As China's only telecom not to sell Apple's (NASDAQ:AAPL) iPhone, China Mobile has been much maligned by the financial media and investment community for not carrying one of the world's most popular smartphones.
However, the earnings story for China Mobile's struggles extends beyond lacking Apple's iPhone. It is in the midst of a massive round of capital expenditures as it invests heavily to roll out its 4G network to 100 networks throughout the rest of the year. The company was also dogged by excessive handset subsidies as it fights tooth and nail against rivals China Telecom and China Unicom, both of which happily peddle Apple's iPhone.
In this video, tech and telecom analyst Andrew Tonner looks at China Mobile's most recent earnings shortfall and reiterates his argument for a China Mobile-Apple deal sooner rather than later.
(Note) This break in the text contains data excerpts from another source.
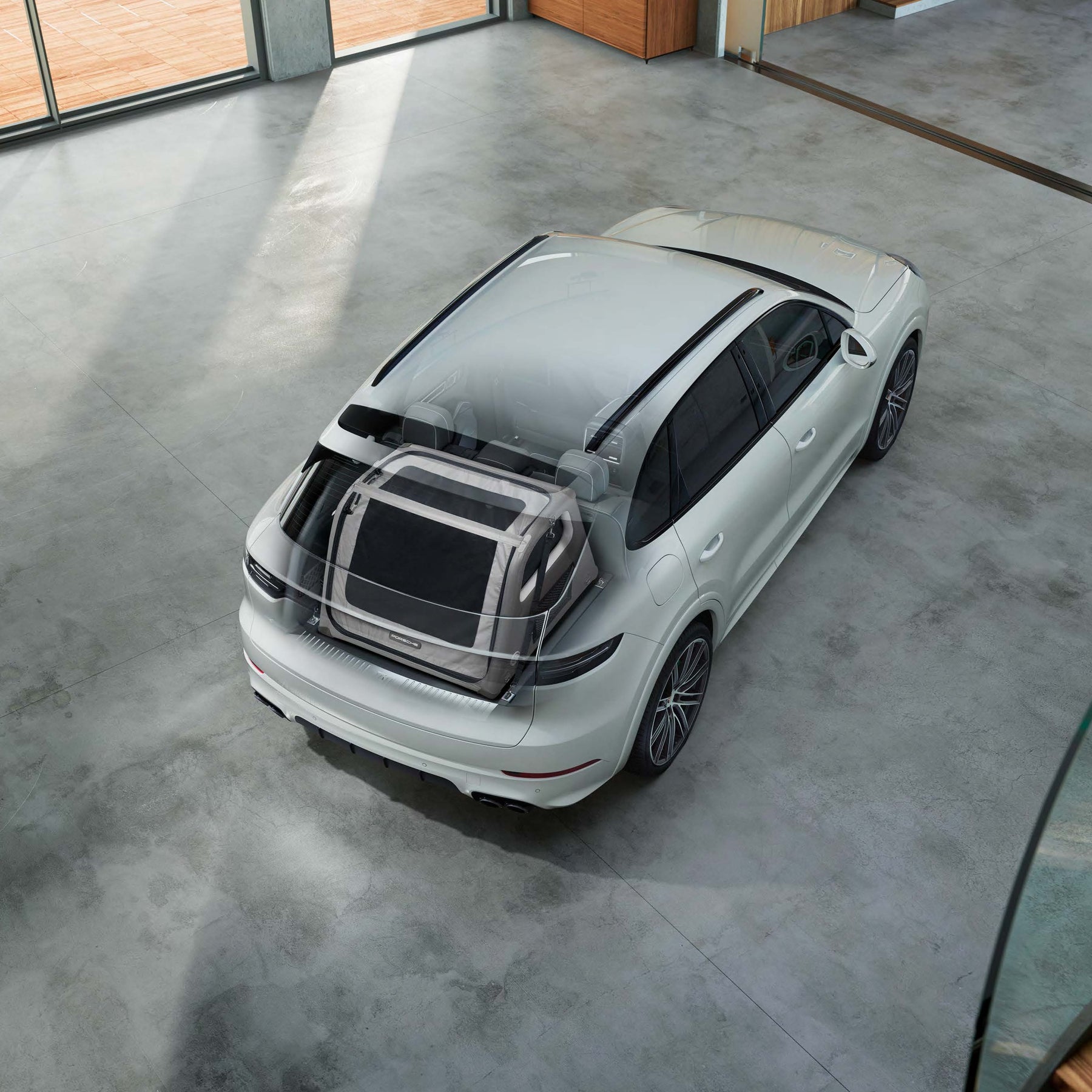 The inflatable Porsche trunk box allows dogs of different sizes to be transported easily and safely.
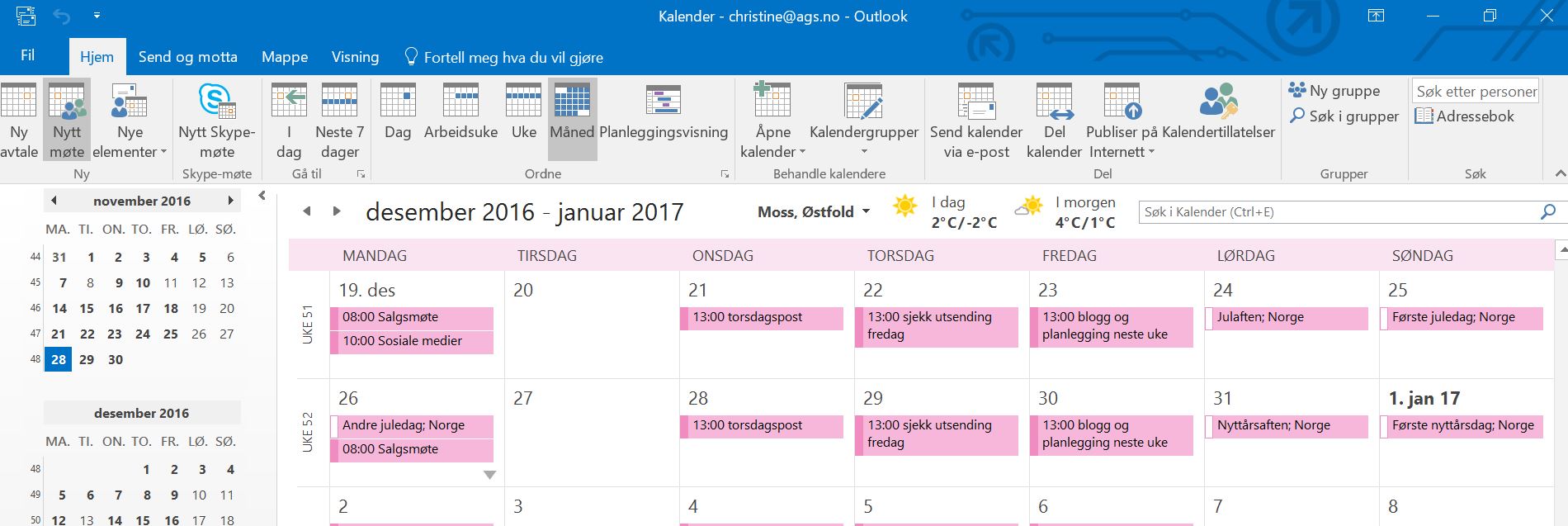 - Du kan nå sjekke om kalenderen din er blitt oppdatert med dine valgte fri- og helligdager. I vårt tilfelle Julen 2016.
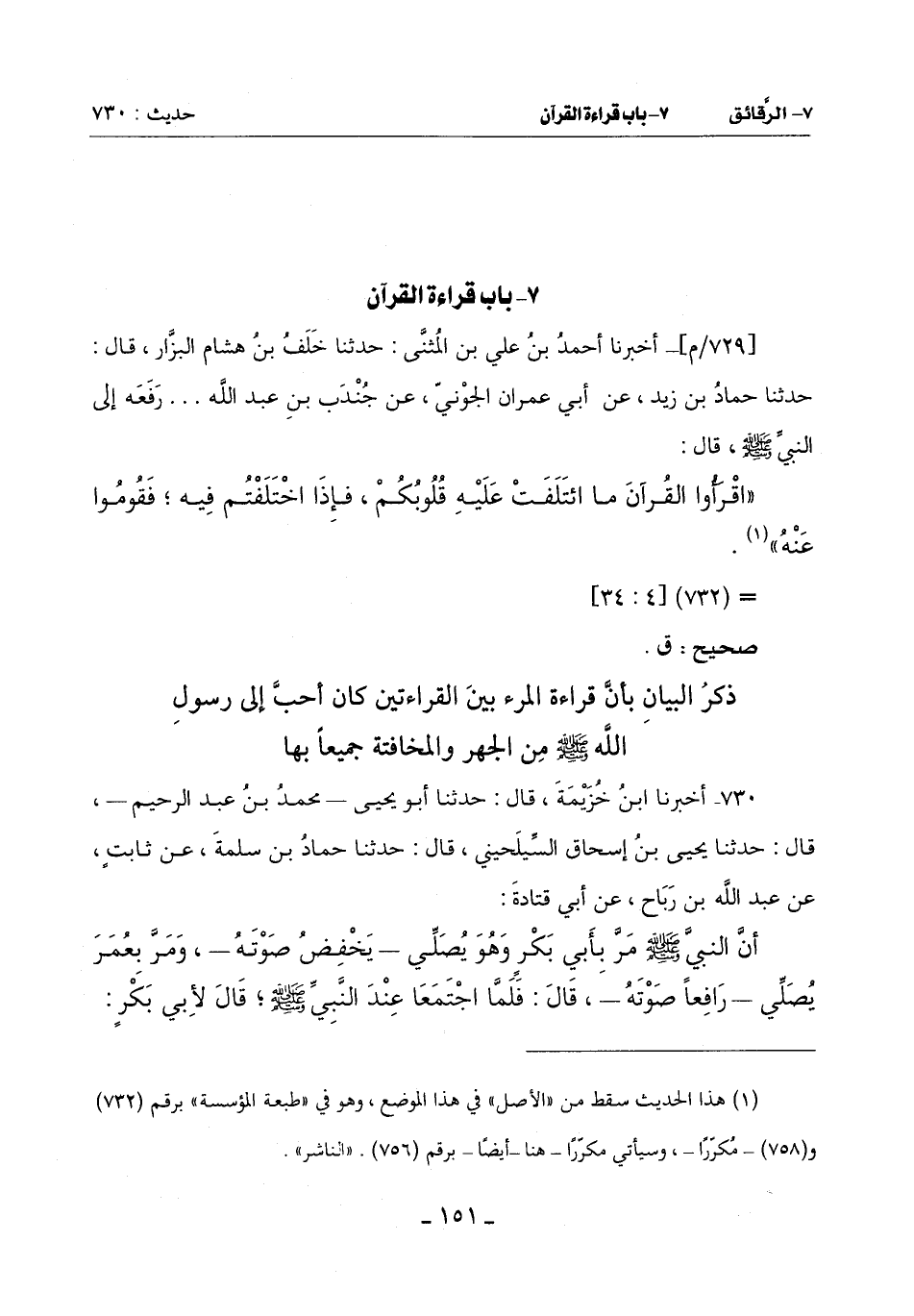 (¬1) هذا الحديث سقط من ((الأصل)) في هذا الموضع، وهو في ((طبعة المؤسسة)) برقم (732) و (758) _مكرراً _، وسيأتي مكرراً _ هنا _ أيضاً _ برقم (756). ((الناشر)).
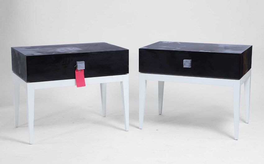A pair of contemporary bedside tables and a matching side table Modern
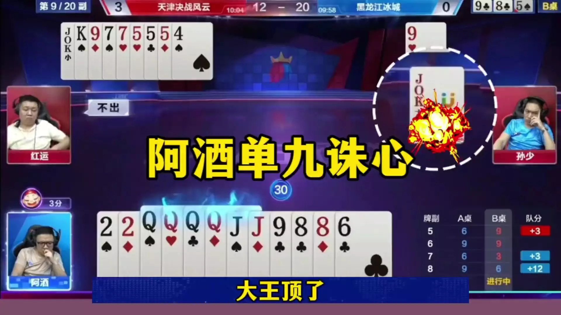 三岁玩牌破釜沉舟四个3的大胆一炸后期残局细腻的行牌为自己争取到了胜利!
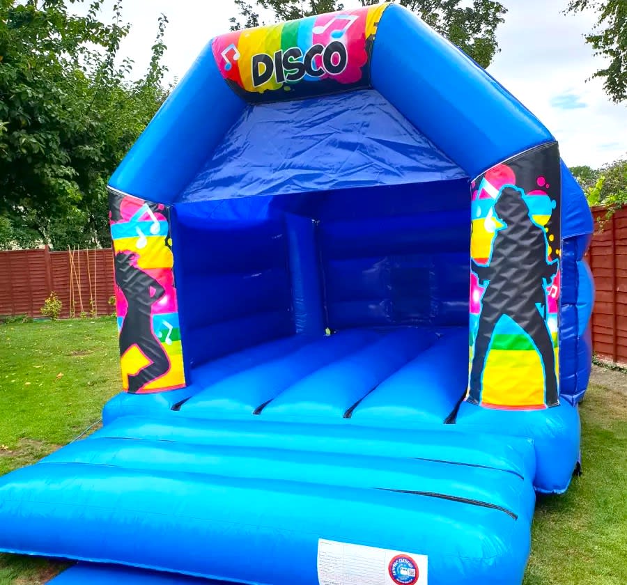 Disco theme glossy bouncy castle comes with bluetooth speakers and disco lights included suitable for children for all indoor and outdoor events in Worcestershire!
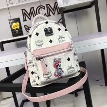 MCM兔子背包超迷你号 全新皮质纹理 内搭厚实耐用粗纹帆布 可斜跨可双肩背 白拼粉
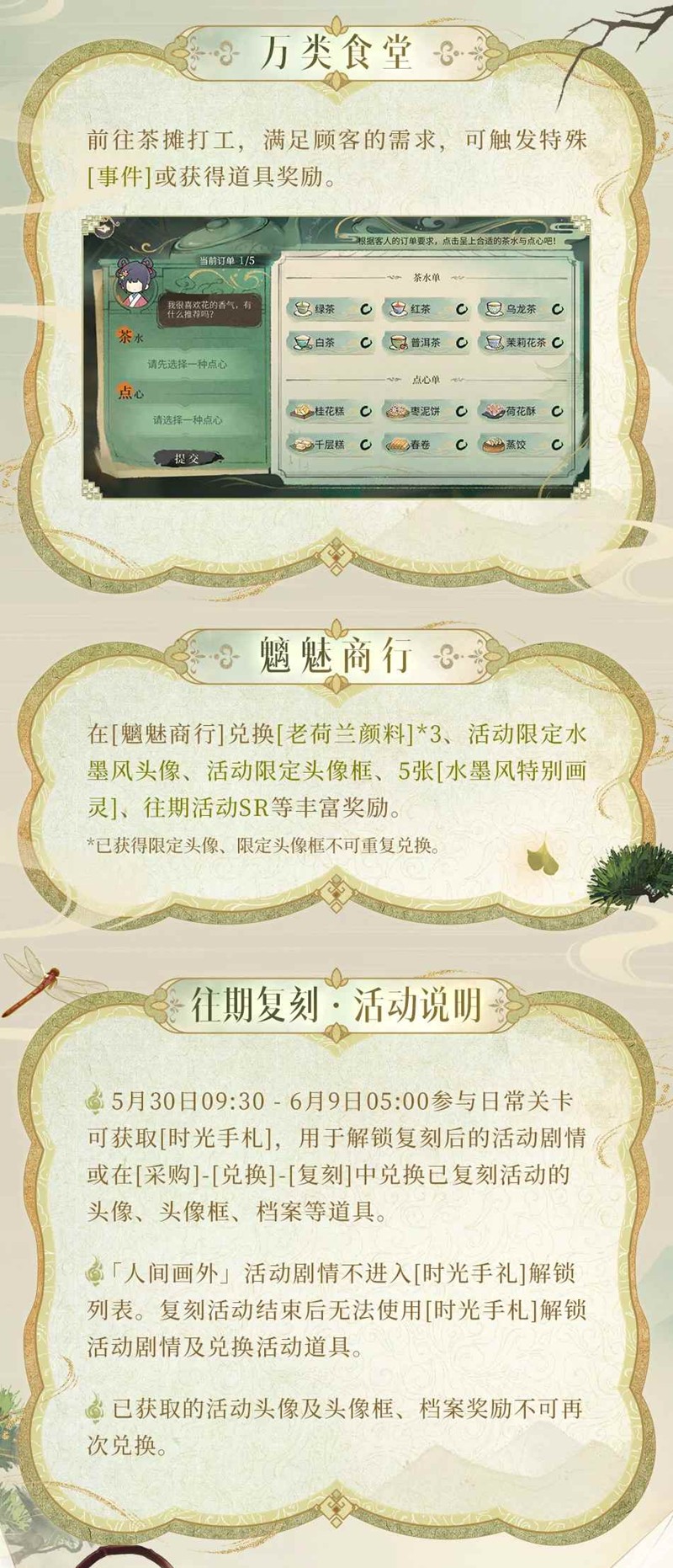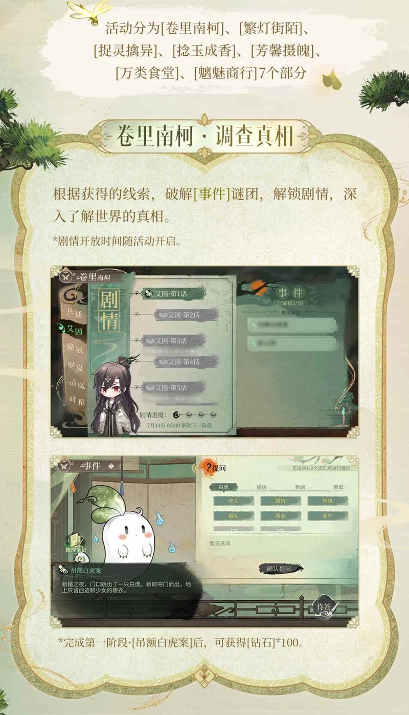 复刻活动分为[卷里南柯]、[繁灯街陌]、[捉灵擒异]、[捻玉成香]、[芳馨摄魄]、[万类食堂]、[魑魅商行]7个部分。

Fool contributor Andrew Tonner owns shares of Apple. Follow him and all his writing on Twitter at @AndrewTonner. The Motley Fool recommends and owns shares of Apple. It also owns shares of China Mobile. Try any of our Foolish newsletter services free for 30 days. We Fools may not all hold the same opinions, but we all believe that considering a diverse range of insights makes us better investors. The Motley Fool has a disclosure policy.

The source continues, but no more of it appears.